Type of Document Dissertation
Author Kuh, Myung Jin
Author's Email Address mkuh1@lsu.edu, lsuclassic@hotmail.com
URN etd-07022004-122652
Title A Study of the “Quintet for Piano and Strings” by Richard Danielpour
Degree Doctor of Musical Arts (D.M.A.)
Department Music
Advisory Committee
Advisor Name Title
Constance Carroll Committee Chair
David Smyth Committee Member
Jennifer Hayghe Committee Member
Robert Peck Committee Member
Jan Hinson Dean's Representative
Keywords
  • chamber music
  • piano quintet
  • Danielpour
Date of Defense 2004-06-10
Availability unrestricted
Abstract
Richard Danielpour is recognized as one of the most successful and acclaimed composers today. His music is often described as neo-romantic: full of grand gestures, highly accessible, brilliantly orchestrated, and rhythmically powerful and exciting. His music is based on the traditions of European classical music; however, it also combines the American vernacular of the 20th century, including jazz, rock, and pop music.

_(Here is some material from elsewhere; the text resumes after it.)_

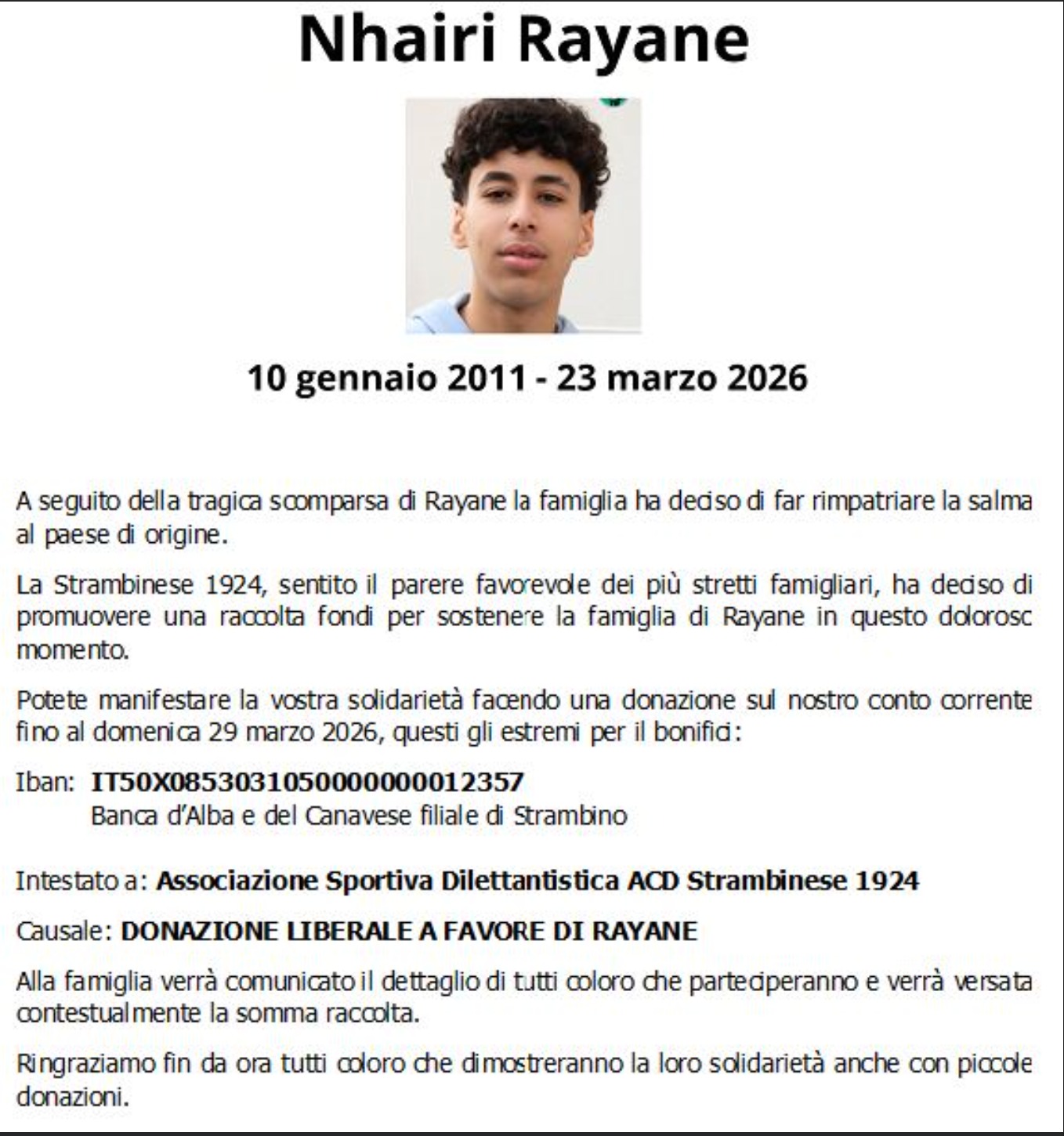 A farsi promotrice dell’iniziativa è stata la Strambinese 1924, che con il consenso dei familiari più stretti ha lanciato una raccolta fondi per sostenere la famiglia in questo momento drammatico. L’invito è chiaro: contribuire, anche con piccole somme, entro domenica 29 marzo 2026, attraverso un bonifico intestato all’Associazione Sportiva Dilettantistica ACD Strambinese 1924, con causale “Donazione liberale a favore di Rayane”.

His special interests in metaphysics and non-Western culture, especially Zen Buddhism, are also reflected in his compositions.

This study examines Danielpour’s Quintet for Piano and Strings, written in 1988. The work consists of three movements with the descriptive titles: “Annunciation,” “Atonement,” and “Apotheosis.” In general, the work shows many of the composer’s compositional characteristics such as references to traditional tonal language procedure, metaphysical ideas (developmental narratives), and rhythmic energy. The purpose of this study is to illustrate characteristics of Danielpour’s compositional style found in the Piano Quintet, and provide some insights from a theoretical and stylistic perspective. The first chapter provides biographical information about the composer and some background about his Piano Quintet. Three central chapters are devoted to detailed formal analysis of the three movements, focusing on issues such as the formal structure, tonal center, and interaction between diatonic and special collections (e.g. octatonic, whole-tone, and pentatonic scales). A final chapter takes up general issues of relationships between and among the movements, focused on Danielpour’s stylistic characteristics found in the Quintet for Piano and Strings.